Exercise description: Reproduce the opening lines of the listing below exactly, stopping after the line that contains "Bronfenbrenner reminds us" and leaving out any pictures.

Data section:

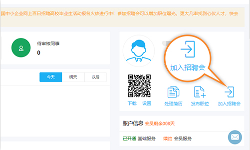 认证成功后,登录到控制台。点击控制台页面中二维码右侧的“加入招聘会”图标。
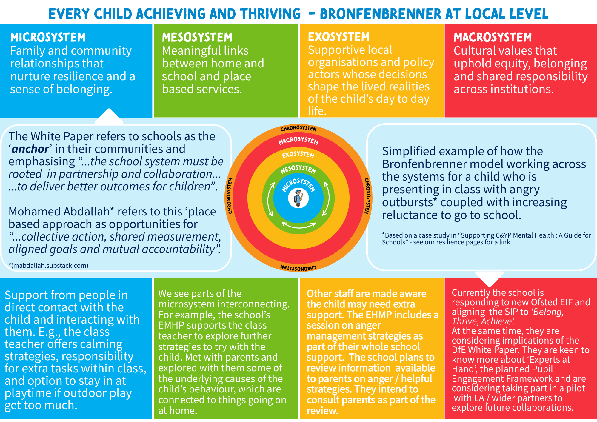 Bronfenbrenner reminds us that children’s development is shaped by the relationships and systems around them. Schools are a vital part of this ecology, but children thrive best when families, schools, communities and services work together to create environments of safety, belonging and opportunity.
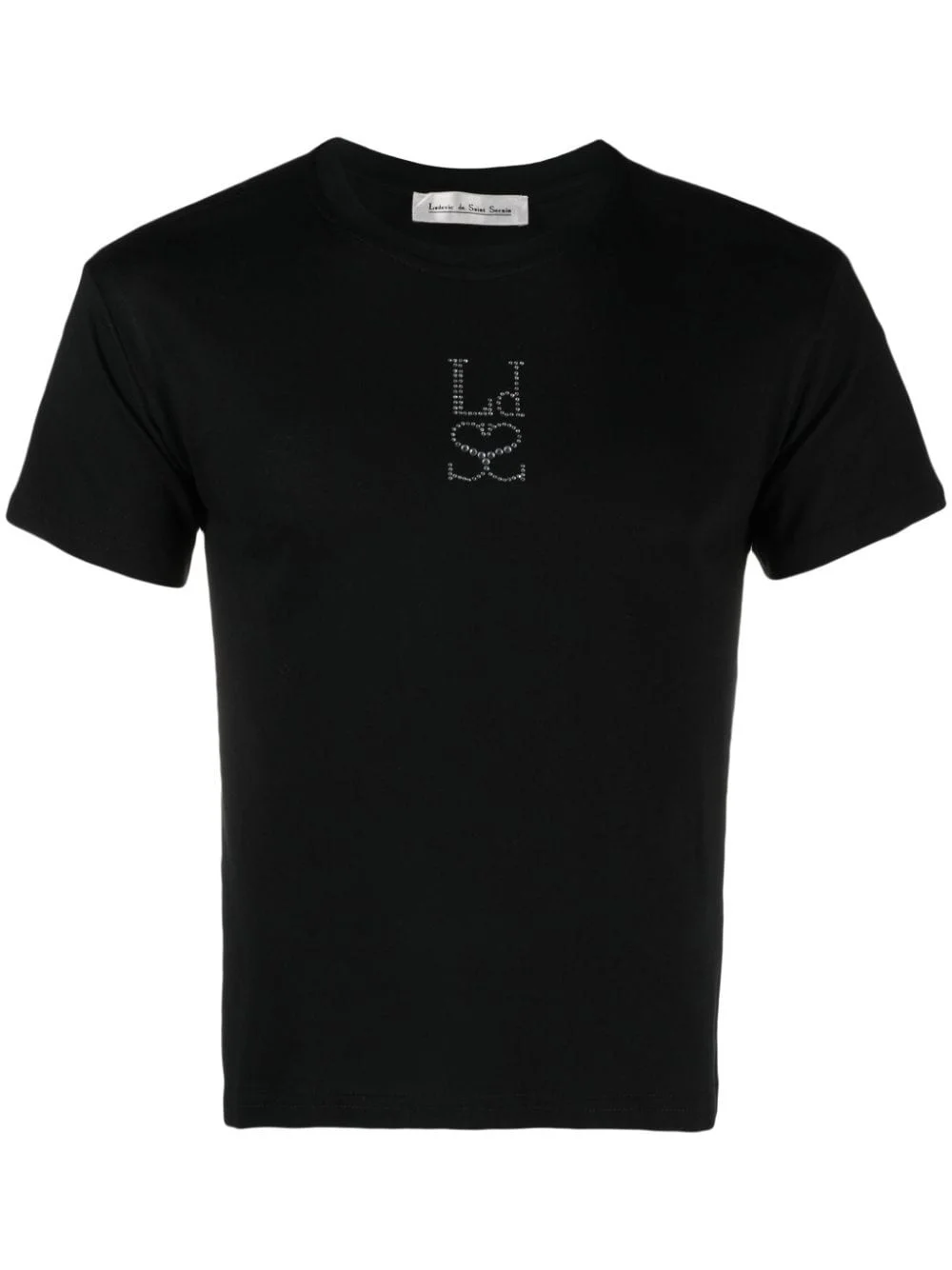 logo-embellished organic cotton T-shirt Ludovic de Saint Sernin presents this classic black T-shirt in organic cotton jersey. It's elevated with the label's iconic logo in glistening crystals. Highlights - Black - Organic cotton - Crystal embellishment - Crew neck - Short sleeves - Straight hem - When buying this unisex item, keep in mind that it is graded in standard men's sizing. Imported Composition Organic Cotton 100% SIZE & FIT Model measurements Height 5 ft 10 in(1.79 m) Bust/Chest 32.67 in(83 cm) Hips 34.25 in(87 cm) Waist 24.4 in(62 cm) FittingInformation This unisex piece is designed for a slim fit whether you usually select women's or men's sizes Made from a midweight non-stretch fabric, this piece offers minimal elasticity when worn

Final answer:
 认证成功后,登录到控制台。点击控制台页面中二维码右侧的“加入招聘会”图标。
 Bronfenbrenner reminds us that children’s development is shaped by the relationships and systems around them. Schools are a vital part of this ecology, but children thrive best when families, schools, communities and services work together to create environments of safety, belonging and opportunity.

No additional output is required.